**TASK PROMPT:** Restate each record below word for word, skipping images.
= = =
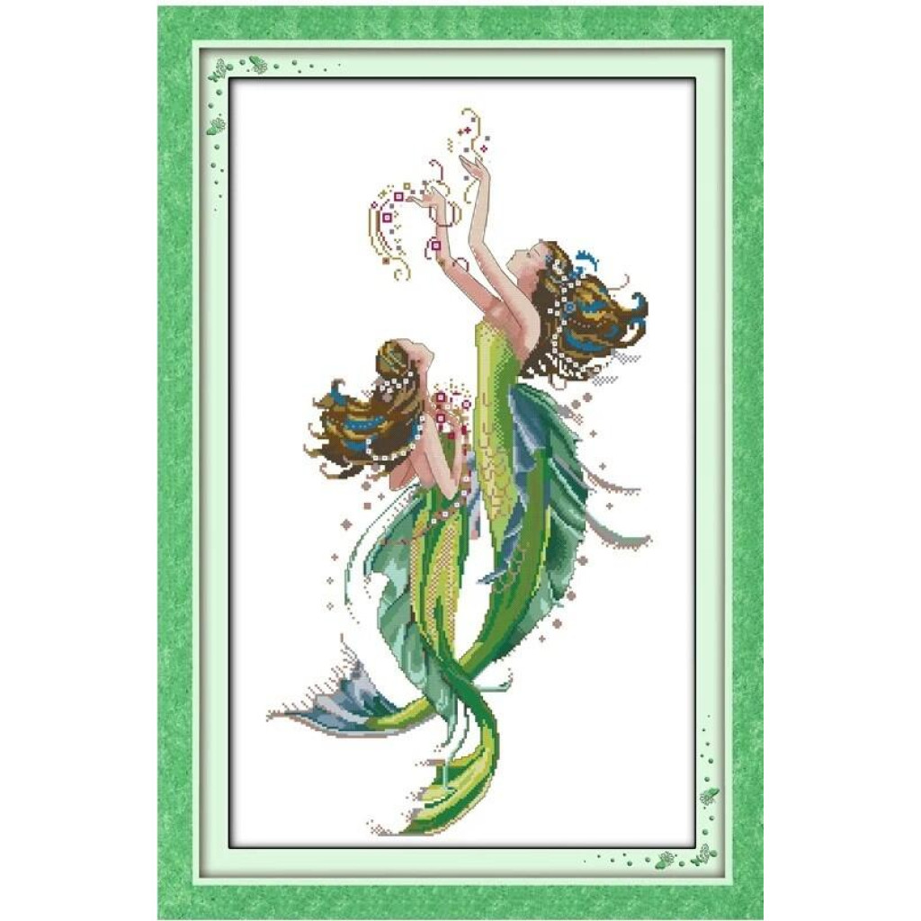 R189-1JS Joy Sunday Набір для вишивки друкованим хрестиком - Русалки 44x68 см, Aida14 (схема на канві)
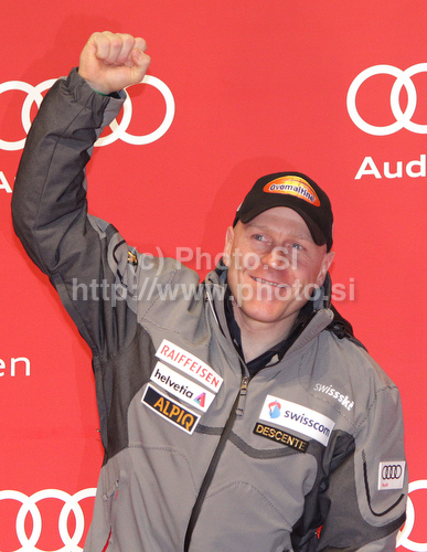 : Second placed Didier Cuche of Switzerland celebrates his medal won in Men downhill race of FIS alpine skiing World Championships in Garmisch-Partenkirchen, Germany. Men downhill race of FIS alpine skiing World Championships, was held on Saturday, 12th of February 2011, in Garmisch-Partenkirchen, Germany.
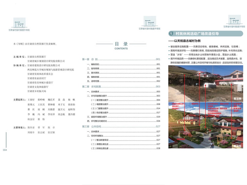 《導(dǎo)則》成果分為提升指引和示例圖集兩部分。提升指引部分以文字形式明確了甘肅省村容村貌整治提升的要求和內(nèi)容,包括總則、農(nóng)宅院落、公共空間、道路街巷、綠化美化、環(huán)境衛(wèi)生、村落保護(hù)、保障機(jī)制和附錄等9個(gè)章節(jié),對(duì)全省5個(gè)國(guó)家級(jí)歷史文化名村和54個(gè)傳統(tǒng)村落實(shí)行特殊保護(hù);示例圖集部分以圖文形式提出了村容村貌提升的多種、可選處理方法和典型案例,主要包括農(nóng)宅院落、公共空間、道路街巷、綠化美化、環(huán)境衛(wèi)生、村落保護(hù)等6部分內(nèi)容。
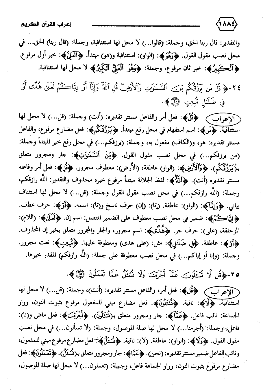 (من يرزقكم ... ) في محل نصب مقول القول. {مِنَ السَّماواتِ}: جار ومجرور متعلق ب (يرزقكم). {وَالْأَرْضِ}: (الواو) عاطفة، (الأرض): معطوف مجرور. {قُلْ}: فعل أمر وفاعله مستتر تقديره (أنت). {اللهُ}: لفظ الجلالة مبتدأ مرفوع خبره محذوف والتقدير: الله رازقكم، وجملة: (الله رازقكم ... ) في محل نصب مقول القول وجملة: (قل ... ) لا محل لها استئناف بياني. {وَإِنّا}: (الواو): عاطفة. (إنا): (إن) حرف ناسخ و (نا): اسمه. {أَوْ}: حرف عطف.
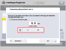Druk op [-] of [+] om de papieruitlijning aan te passen.
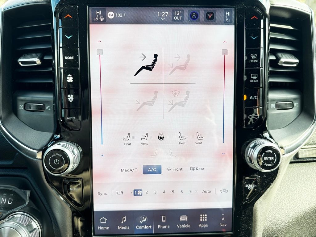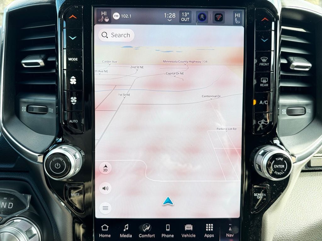 Inside, the 2026 Ram 1500 Laramie Crew Cab 4x4 surrounds you with luxury. The interior features soft-touch materials, detailed stitching, and genuine aluminum accents for a first-class experience. Heated and ventilated front seats, a heated steering wheel, and power-adjustable front seating with memory settings ensure personalized comfort through every Minnesota season. The Laramie Level 1 Equipment Group adds even more convenience with rain-sensitive windshield wipers and a power tailgate release, making this truck as functional as it is refined.
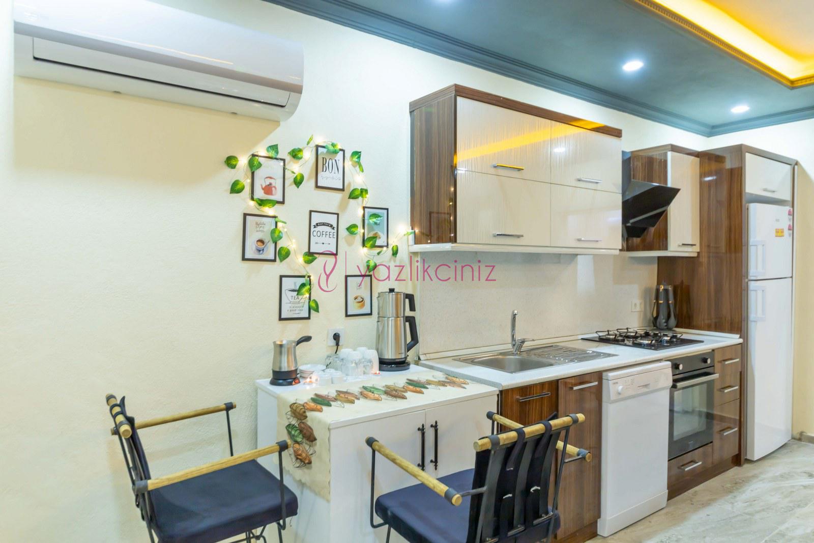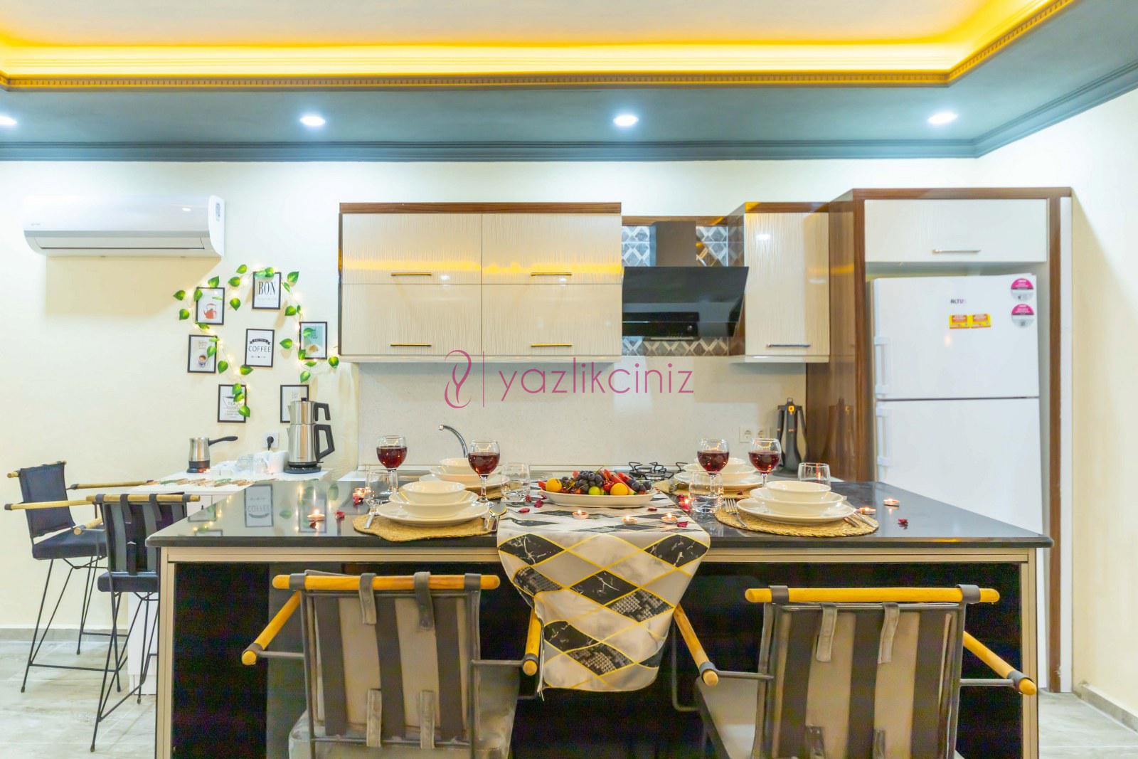 Modern Amerikan mutfakta buz dolabı, bulaşık makinesi, 4'lü ocak, fırın, mikrodalga fırın, ekmek kızartma makinesi, kettle, 4 kişilik yemek masası, yemek takımları, çatal ve bıçak takımları, tencere ve tava takımları, bardaklar bulunmaktadır.
= = =
**ANSWER TO THIS TASK:**
 R189-1JS Joy Sunday Набір для вишивки друкованим хрестиком - Русалки 44x68 см, Aida14 (схема на канві)
 : Second placed Didier Cuche of Switzerland celebrates his medal won in Men downhill race of FIS alpine skiing World Championships in Garmisch-Partenkirchen, Germany. Men downhill race of FIS alpine skiing World Championships, was held on Saturday, 12th of February 2011, in Garmisch-Partenkirchen, Germany.
 《導(dǎo)則》成果分為提升指引和示例圖集兩部分。提升指引部分以文字形式明確了甘肅省村容村貌整治提升的要求和內(nèi)容,包括總則、農(nóng)宅院落、公共空間、道路街巷、綠化美化、環(huán)境衛(wèi)生、村落保護(hù)、保障機(jī)制和附錄等9個(gè)章節(jié),對(duì)全省5個(gè)國(guó)家級(jí)歷史文化名村和54個(gè)傳統(tǒng)村落實(shí)行特殊保護(hù);示例圖集部分以圖文形式提出了村容村貌提升的多種、可選處理方法和典型案例,主要包括農(nóng)宅院落、公共空間、道路街巷、綠化美化、環(huán)境衛(wèi)生、村落保護(hù)等6部分內(nèi)容。
 (من يرزقكم ... ) في محل نصب مقول القول. {مِنَ السَّماواتِ}: جار ومجرور متعلق ب (يرزقكم). {وَالْأَرْضِ}: (الواو) عاطفة، (الأرض): معطوف مجرور. {قُلْ}: فعل أمر وفاعله مستتر تقديره (أنت). {اللهُ}: لفظ الجلالة مبتدأ مرفوع خبره محذوف والتقدير: الله رازقكم، وجملة: (الله رازقكم ... ) في محل نصب مقول القول وجملة: (قل ... ) لا محل لها استئناف بياني. {وَإِنّا}: (الواو): عاطفة. (إنا): (إن) حرف ناسخ و (نا): اسمه. {أَوْ}: حرف عطف.
Druk op [-] of [+] om de papieruitlijning aan te passen.
 Inside, the 2026 Ram 1500 Laramie Crew Cab 4x4 surrounds you with luxury. The interior features soft-touch materials, detailed stitching, and genuine aluminum accents for a first-class experience. Heated and ventilated front seats, a heated steering wheel, and power-adjustable front seating with memory settings ensure personalized comfort through every Minnesota season. The Laramie Level 1 Equipment Group adds even more convenience with rain-sensitive windshield wipers and a power tailgate release, making this truck as functional as it is refined.
 Modern Amerikan mutfakta buz dolabı, bulaşık makinesi, 4'lü ocak, fırın, mikrodalga fırın, ekmek kızartma makinesi, kettle, 4 kişilik yemek masası, yemek takımları, çatal ve bıçak takımları, tencere ve tava takımları, bardaklar bulunmaktadır.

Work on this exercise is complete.